High-performing Boards lead to high-performing organizations. But most boards fall short of optimal performance that deliver results, and as such, are at risk of becoming dysfunctional.
When a board is new or has started down a dysfunctional path, the following symptoms are usually evident:
inadequately prepared members – board members are recruited for the wrong reasons, clear board member roles or responsibilities are missing; board operating rules are missing; board development materials are missing (e.g. board manuals, guides, instructions, procedures, board member on-boarding process)
immature systems and/or infrastructure – board efforts are missing work structure (committee, work breakdown, meeting agendas and discipline); diversity of thought; poor process or financial controls; inadequate vision or mission or values definitions; inadequate role definitions or an ‘ad hocracy’ model; lacking strategy or committee structure; lacking board training
inexperience working in groups or teams — inexperienced management or poor leadership skills; misunderstanding board roles and responsibilities; ignoring best practices; not focusing on results; not valuing the support or contributions of others (beyond financial support)
inadequate interpersonal skills — lacking members experienced in working with and through others; low emotional intelligence; not listening; driving one’s own personal values ahead of others’; devaluing others (often unknowingly); poor member accountability or inter-accountability; poor boundaries; inadequate communication skills
not knowing – no experience with the tools, processes, methods, information, values, metrics, funding, ethics, and strategic plans — that boards must effectively utilize to enable value delivery
The first step toward creating a high-performing board is to establish a board performance metric that identifies which of the above symptoms are present.
Board Work Assessment
Internal board assessments based in opinion or “group-think” usually fail because these internal board investigations typically reflect the board dysfunction itself, and as such can only produce results that justify the current condition. An outside source is required to clearly and objectively define the problem. This can take the form of an assessment based in objective evidence, by a disinterested third-party consultant, or an outside agency which is not influenced by the board, and thus is not part of the dysfunction.
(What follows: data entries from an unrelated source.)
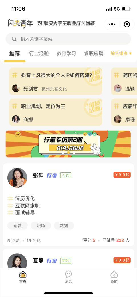 在“闪光青年BlingBling”小程序上,学生可以选择自己感兴趣的类别(行业经验、教育学习、求职应聘、个人成长、互联网等),找到相匹配的职场行家进行咨询。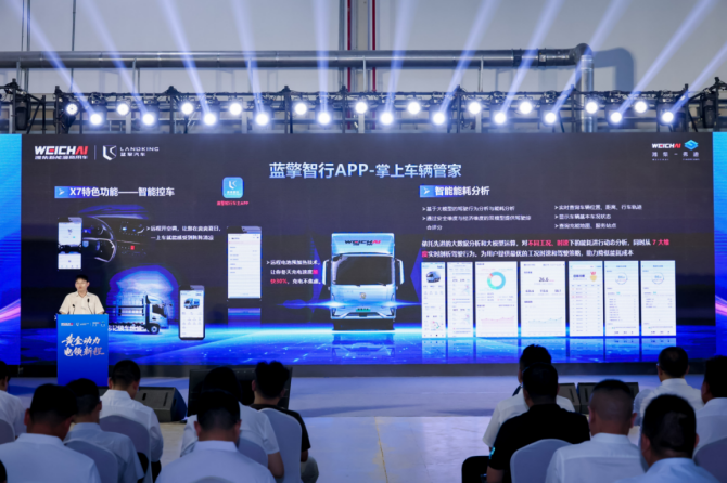 在各界来宾共同见证下,6位嘉宾共同开启潍柴蓝擎X7新一代轻卡全国发布仪式。潍柴蓝擎X7新一代轻卡将凭借其超长续航、超高装载、强力性能、舒适驾乘、高可靠性和贴心服务,为城市物流提供高效、零碳、智能化的绿色物流解决方案。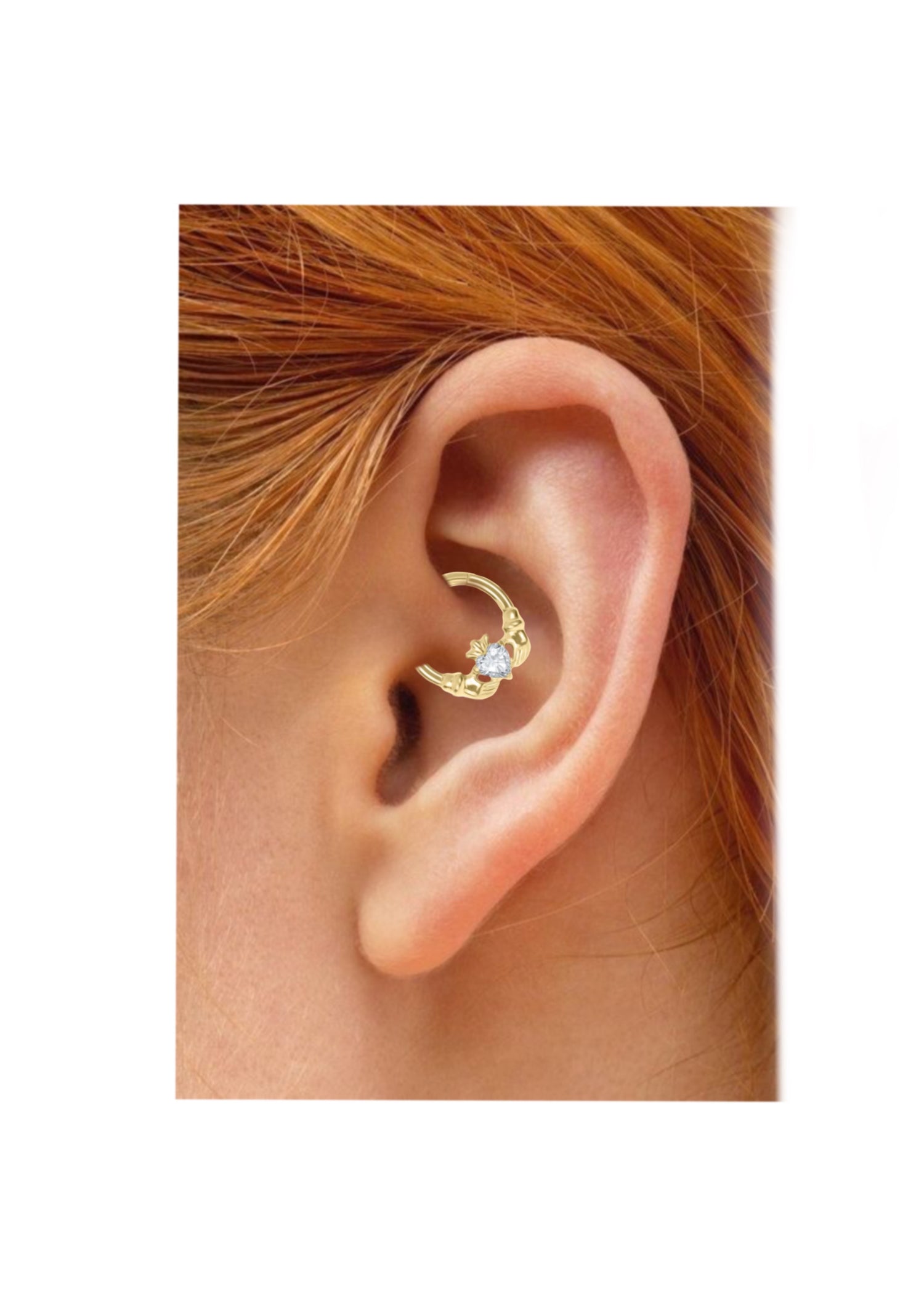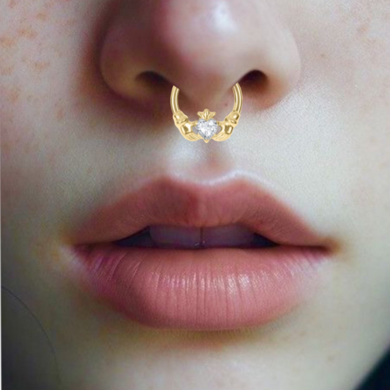 Inspired by the traditional Irish Claddagh, this hinged clicker ring features the iconic symbols of love (the heart), loyalty (the crown), and friendship (the hands) reimagined in a sleek, wearable clicker style.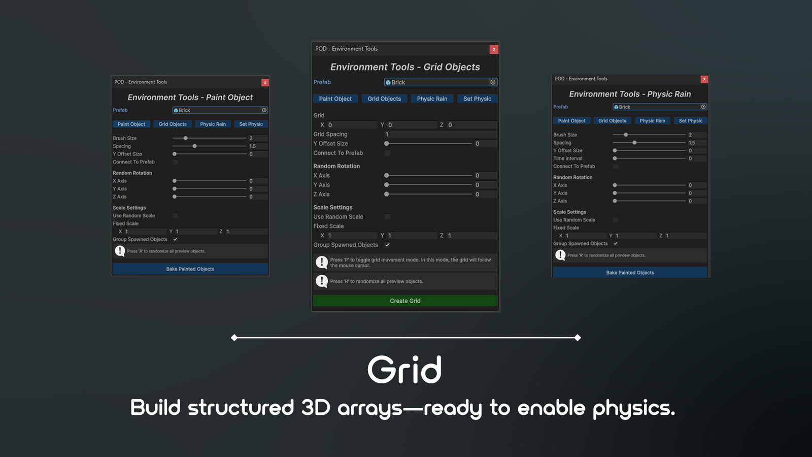 This tool is developed by GridWall Studio for Unity developers, game creators, and interactive experience designers. Each product is crafted with professional-grade functionality and optimized for seamless integration within the Unity ecosystem.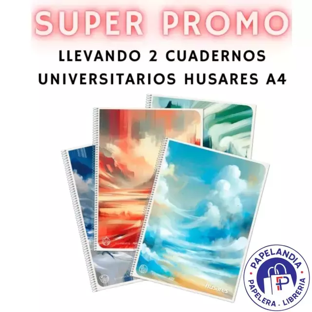 PROMO COMBO X 2 CUADERNO 22.3X29.7 C/ESPIRAL HUSARES X 80HJS = RAYADO 6294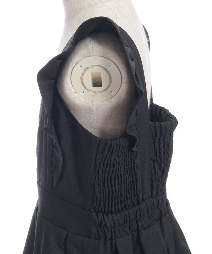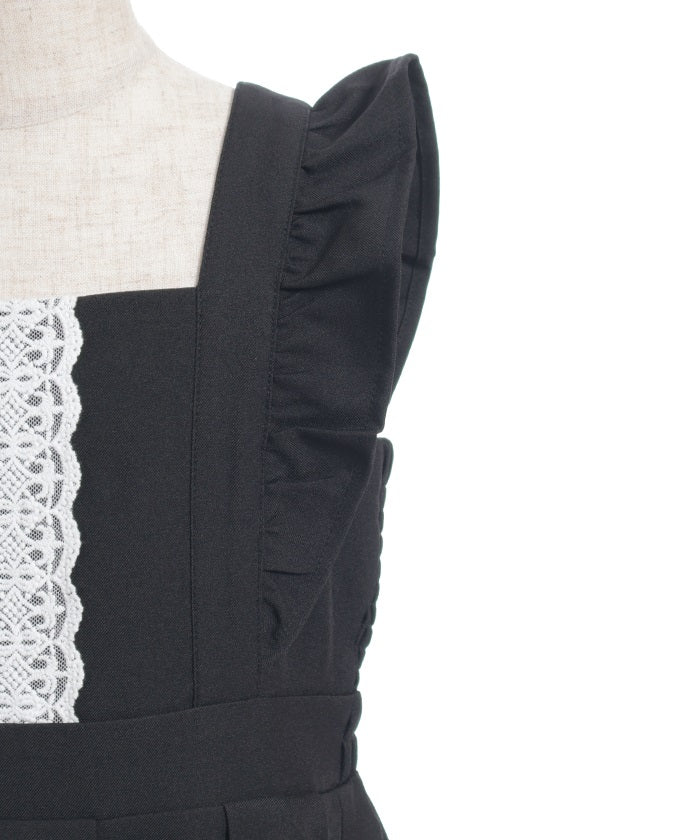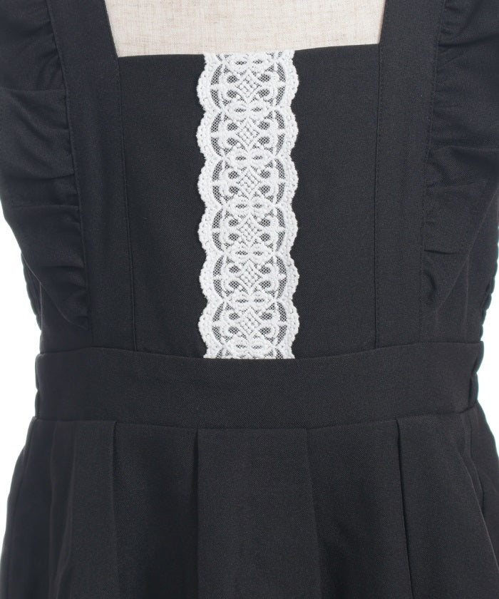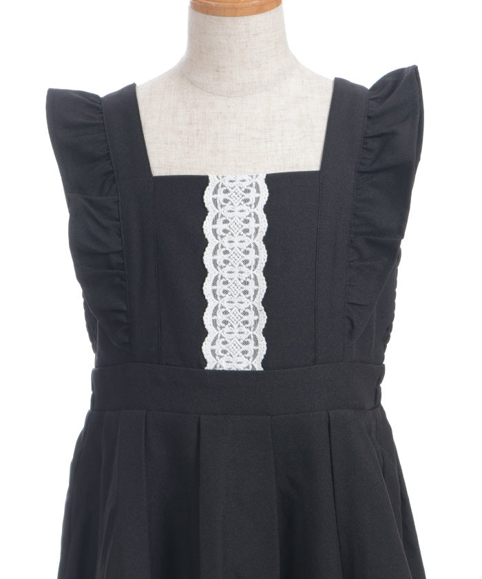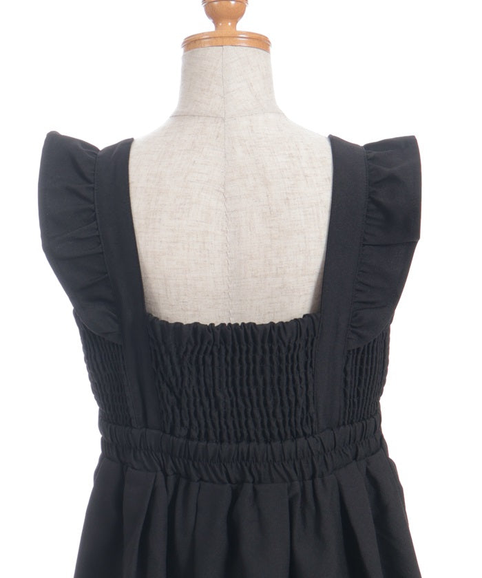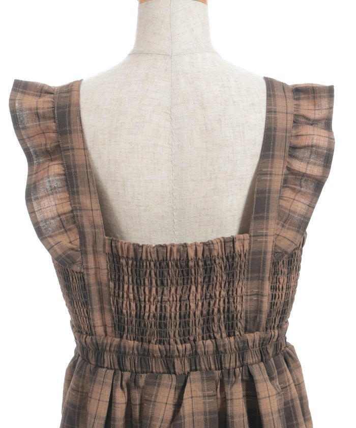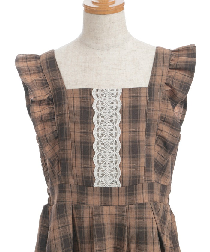 The ruffled shoulders and lace at the chest add a girly touch. The hem features a print of a cat playing with musical notes on the piano keys, making it super cute even from behind. Available in two colors: a classic brown check and a chic, solid black.

Board Work strives to make this assessment fact-based by using objective evidence.
The Board Work Assessment will jump-start your board improvement process.
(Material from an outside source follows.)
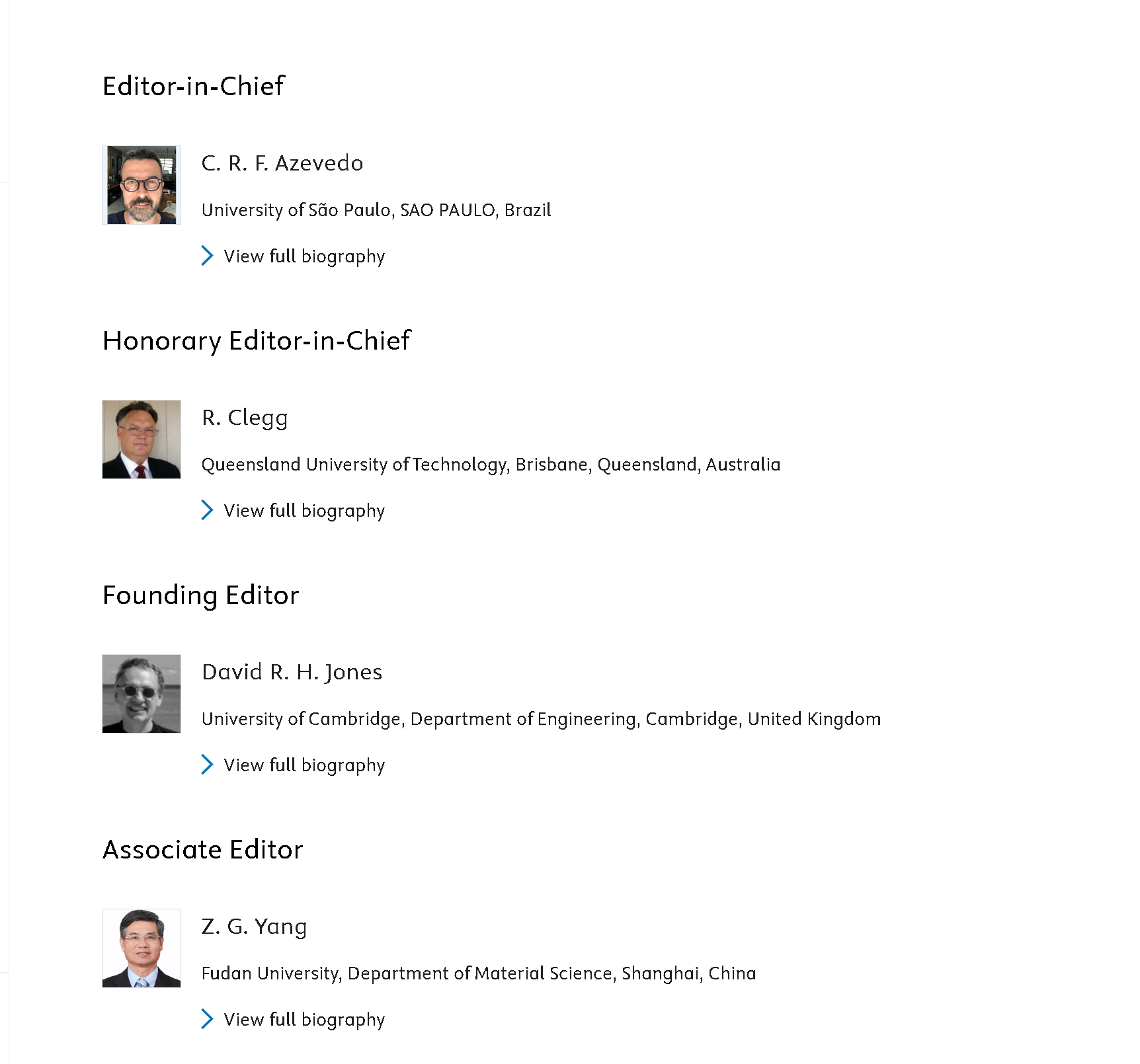 《Engineering Failure Analysis》是Elsevier出版集团与欧洲结构完整性学会(ESIS)于1994年在英国联合创办的国际知名SCI期刊,现设主编1人、副主编1人、主题编辑10人、以及编委70余人。期刊主要收录工程材料与结构在设计、材料、制造、安装、检验、运行、维护、环境、运输、储存、管理等方面与失效分析和预防有关的研究论文、案例分析、技术综述等,并且每二年主办一次“国际工程失效分析会议”(International Conference on Engineering Failure Analysis),被国际失效分析界公认为该领域的顶级期刊。根据中国科学院文献情报中心2023年12月最新发布的期刊分区表,被认定为“工程技术”大类2区,“材料科学:表征与测试”小类1区和“工程:机械”小类2区。

High-Performing Organizations need High Performing Boards
High-performing organizations are easily evidenced by board tools and processes in place, the quality of decisions, results that make a difference and guiding actions that help the organization succeed.
The main role of a board is to utilize these tools and processes to serve the organization and be accountable to ownership (stockholders, stakeholders — all those with vested interests) to ensure the organization is on track to achieve its goals. The main role of an individual who sits on a board is service to that board.
Individual roles can be performed well by using different styles, patterns and approaches acceptable to the work culture of the group or organization as a whole as long as they are all aligned.
However, without mature processes in place to sustain the service modality and work performance the individual role can erode to one of being ‘being served.’ This is upside down to what is needed to create or sustain a high-performing board. When individuals start thinking of themselves ahead the needs of the organization the path to dysfunction is created.